Updated in [June 30th, 2023]
Algorithms: Design and Analysis Part 2 is a course designed to introduce learners with some programming experience to the world of algorithms. The course is rigorous, but emphasizes the big picture and conceptual understanding over low-level implementation and mathematical details. Topics covered in Part 2 include greedy algorithms, dynamic programming, NP-completeness, analysis of heuristics, and local search. Upon completion of the course, learners will have a greater mastery of algorithms than most without a graduate degree in the subject.
The instructor for this course is Tim Roughgarden, a professor in the Computer Science Department at Stanford University since 2004. He has taught and published extensively on the subject of algorithms and their applications.
This course is closing on October 10th, 2016, and relaunching as part of a specialization: https://www.coursera.org/specializations/algorithms.
[Applications]
Upon completion of Algorithms: Design and Analysis Part 2, learners will have a greater mastery of algorithms than almost anyone without a graduate degree in the subject. Learners can apply their knowledge to a variety of practical applications, such as scheduling, minimum spanning trees, clustering, Huffman codes, knapsack, sequence alignment, optimal search trees, shortest paths, and local search.
[Career Path]
One job position path that learners can pursue after completing this course is a Data Scientist. Data Scientists are responsible for analyzing large amounts of data to identify trends and patterns, and then using those insights to develop solutions to business problems. They use a variety of techniques, including machine learning, statistical analysis, and predictive modeling, to uncover insights from data. Data Scientists must have a strong understanding of algorithms and be able to apply them to solve complex problems. They must also be able to communicate their findings to stakeholders in a clear and concise manner.

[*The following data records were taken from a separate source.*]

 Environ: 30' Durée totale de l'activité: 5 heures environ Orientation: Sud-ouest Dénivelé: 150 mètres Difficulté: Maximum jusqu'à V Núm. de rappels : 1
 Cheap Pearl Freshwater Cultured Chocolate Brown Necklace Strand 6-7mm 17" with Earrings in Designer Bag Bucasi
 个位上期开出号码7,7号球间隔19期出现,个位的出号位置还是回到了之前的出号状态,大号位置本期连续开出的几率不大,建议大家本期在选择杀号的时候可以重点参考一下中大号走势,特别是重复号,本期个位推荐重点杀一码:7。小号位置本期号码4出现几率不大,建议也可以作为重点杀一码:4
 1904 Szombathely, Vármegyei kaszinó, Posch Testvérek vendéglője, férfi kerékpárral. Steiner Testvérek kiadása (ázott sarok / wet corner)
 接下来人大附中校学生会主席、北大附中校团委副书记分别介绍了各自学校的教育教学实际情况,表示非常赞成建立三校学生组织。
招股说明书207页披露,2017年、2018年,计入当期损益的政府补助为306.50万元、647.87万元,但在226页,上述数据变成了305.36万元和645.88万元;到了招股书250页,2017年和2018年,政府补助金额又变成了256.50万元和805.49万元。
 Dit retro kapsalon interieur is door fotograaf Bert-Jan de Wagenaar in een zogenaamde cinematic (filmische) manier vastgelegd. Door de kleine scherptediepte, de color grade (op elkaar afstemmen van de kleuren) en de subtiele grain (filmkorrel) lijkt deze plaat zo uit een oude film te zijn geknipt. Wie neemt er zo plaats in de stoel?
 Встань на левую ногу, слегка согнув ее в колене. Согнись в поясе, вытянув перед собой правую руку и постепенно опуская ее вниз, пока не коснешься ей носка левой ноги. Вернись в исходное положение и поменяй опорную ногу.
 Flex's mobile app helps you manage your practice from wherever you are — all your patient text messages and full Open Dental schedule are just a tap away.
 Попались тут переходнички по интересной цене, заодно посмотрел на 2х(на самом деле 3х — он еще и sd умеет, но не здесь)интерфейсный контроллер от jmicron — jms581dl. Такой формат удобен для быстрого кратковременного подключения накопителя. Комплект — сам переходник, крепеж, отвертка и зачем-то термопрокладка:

The demand for Data Scientists is growing rapidly, and the job outlook is very positive. Companies are increasingly relying on data-driven decision making, and Data Scientists are in high demand to help them make sense of the data. As the amount of data available continues to grow, the need for Data Scientists will only increase. Companies are also investing more in data-driven technologies, such as artificial intelligence and machine learning, which will create even more opportunities for Data Scientists.
[Education Path]
The recommended educational path for learners who have completed this course is to pursue a degree in Artificial Intelligence (AI). AI is a field of computer science that focuses on the development of intelligent machines that can think and act like humans. AI is used in a variety of applications, including robotics, natural language processing, computer vision, and machine learning.

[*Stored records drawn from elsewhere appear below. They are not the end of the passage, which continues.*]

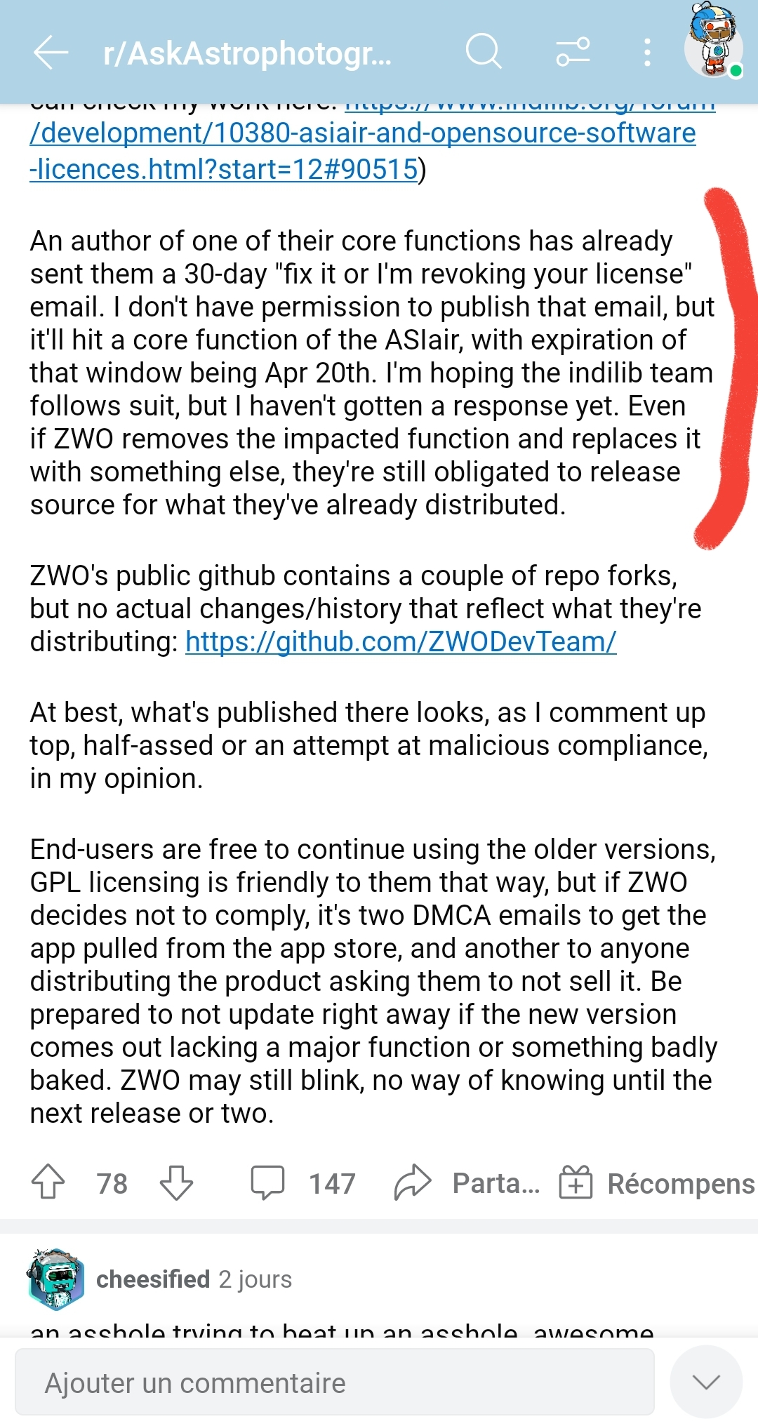 @gehelem si ça peut les faire bouger un peu plus qu'il y un an, tant mieux. Je reste dubitatif sur le coup de "l'arme nucléaire" avec requêtes DMCA auprès d'Apple et Google, seuls les auteurs des libs GPL (ou des LGPL que ZWO n'a même pas pris la peine de linker correctement) peuvent légalement le faire, non ?
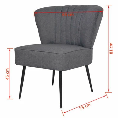 Le siège et le dossier sont épaississement rembourrés de mousse et la chaise est recouverte d’un tissu doux. Le cadre robuste est fait de contreplaqué et de pin. Les quatre pieds en acier ajoutent à sa construction robuste. Cette chaise de cocktail élégante sera un excellent ajout à votre maison !
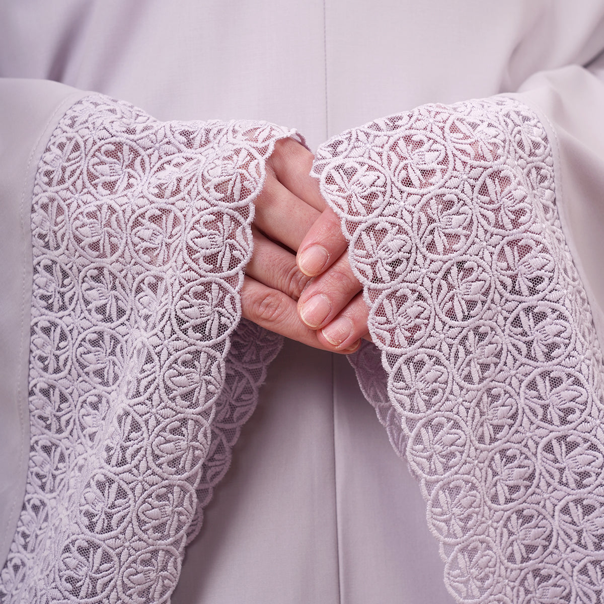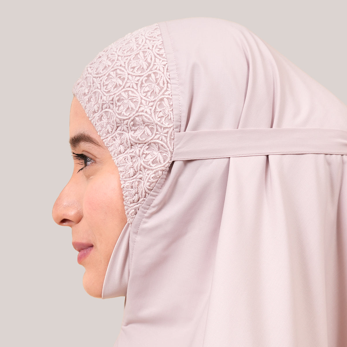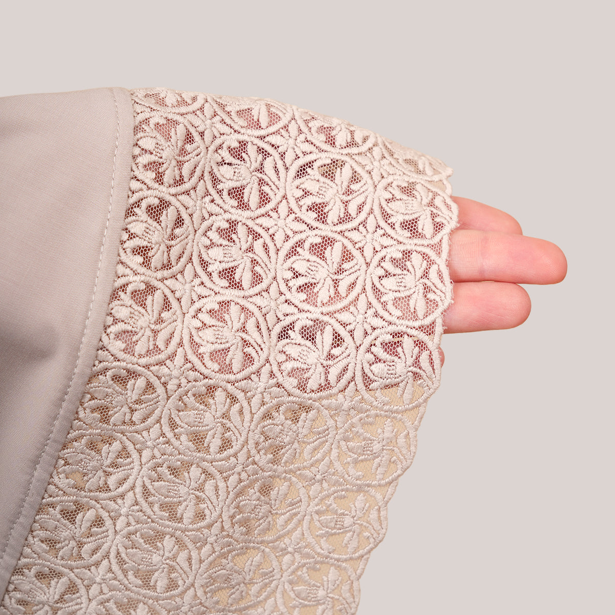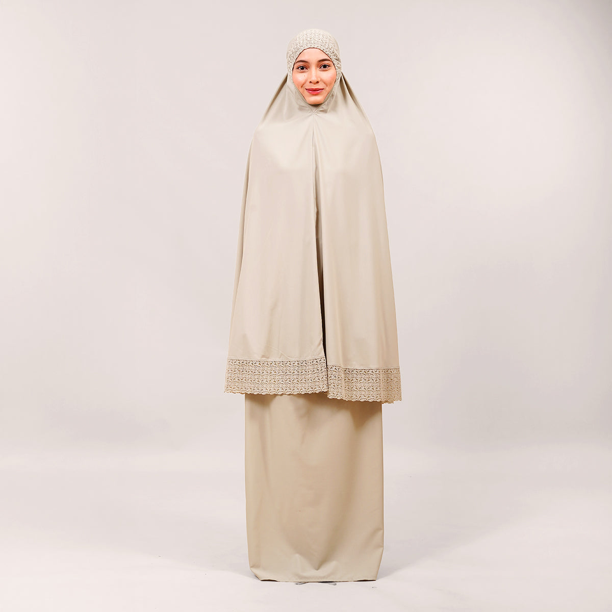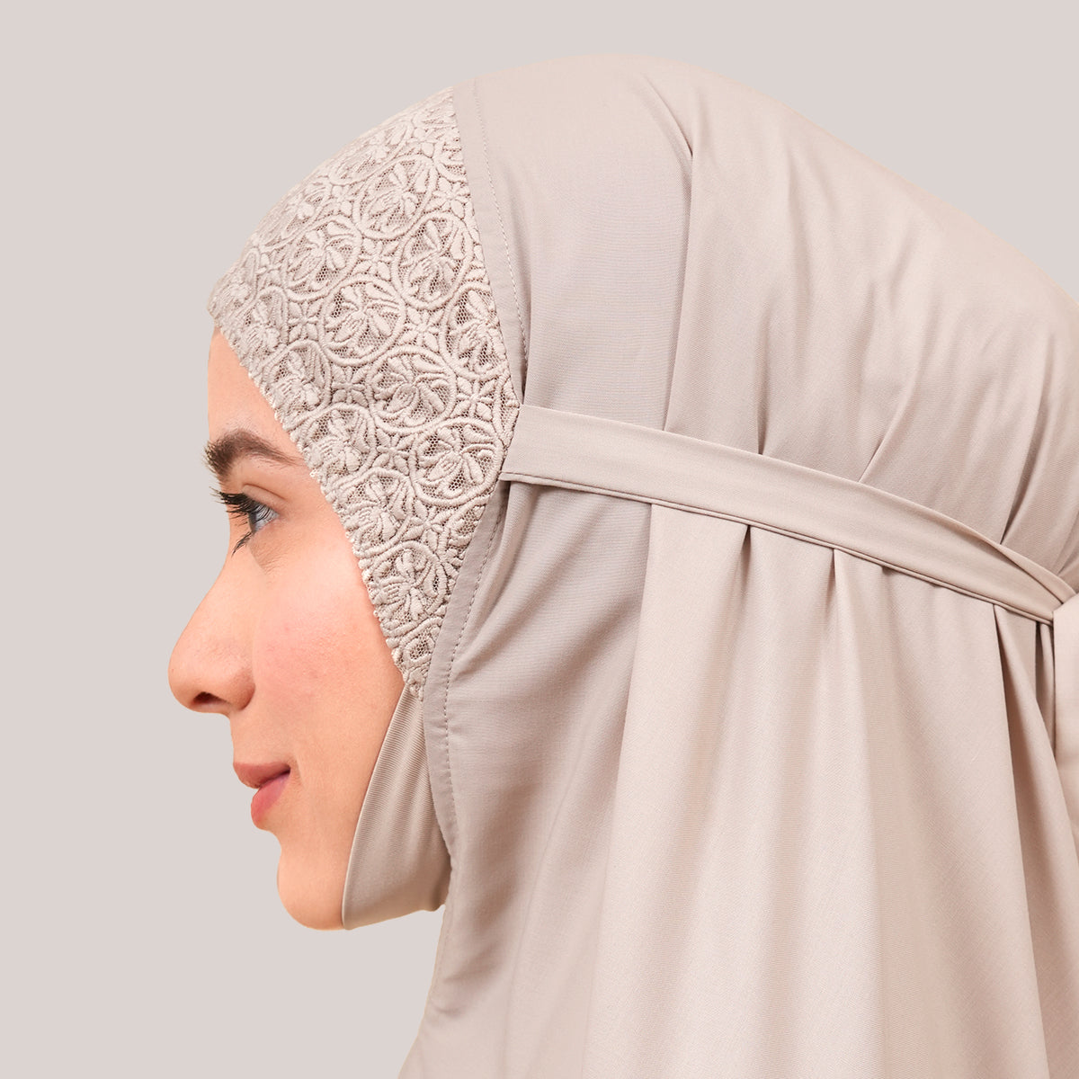Modish Talitha is inspired by Mushaf motifs and features seamless lace designs that look elegant and luxurious while remaining minimal. Made with breathable and quick-drying KUF fabric, it feels soft on the skin and is comfortable to wear. The fine net lace finishing adds a graceful touch, reflecting the gentle, sweet, and captivating character behind the name Talitha.
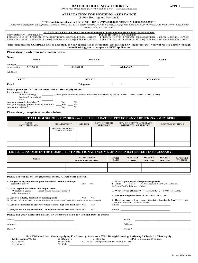 RALEIGH HOUSING AUTHORITYAPPL # 900 Haynes Street, Raleigh, North Carolina 27604 www.rhaonline.comAPPLICATION FOR HOUSING ASSISTANCE (Public Housing and Section 8) ***For assistance please call (919)
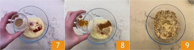 Fügen Sie der Gewürzmischung auch den Ingwer 7 und die Kurkuma 8 hinzu. Rühren Sie gut, bis eine gleichmäßige Panade entsteht 9.

The development trend of AI is rapidly advancing, with new technologies and applications being developed every day. AI is becoming increasingly important in the modern world, and the demand for AI professionals is growing. A degree in AI will provide learners with the skills and knowledge necessary to pursue a career in this field. Learners will gain an understanding of the fundamentals of AI, including algorithms, data structures, and programming languages. They will also learn about machine learning, deep learning, and natural language processing. Additionally, they will gain experience in developing AI applications and systems.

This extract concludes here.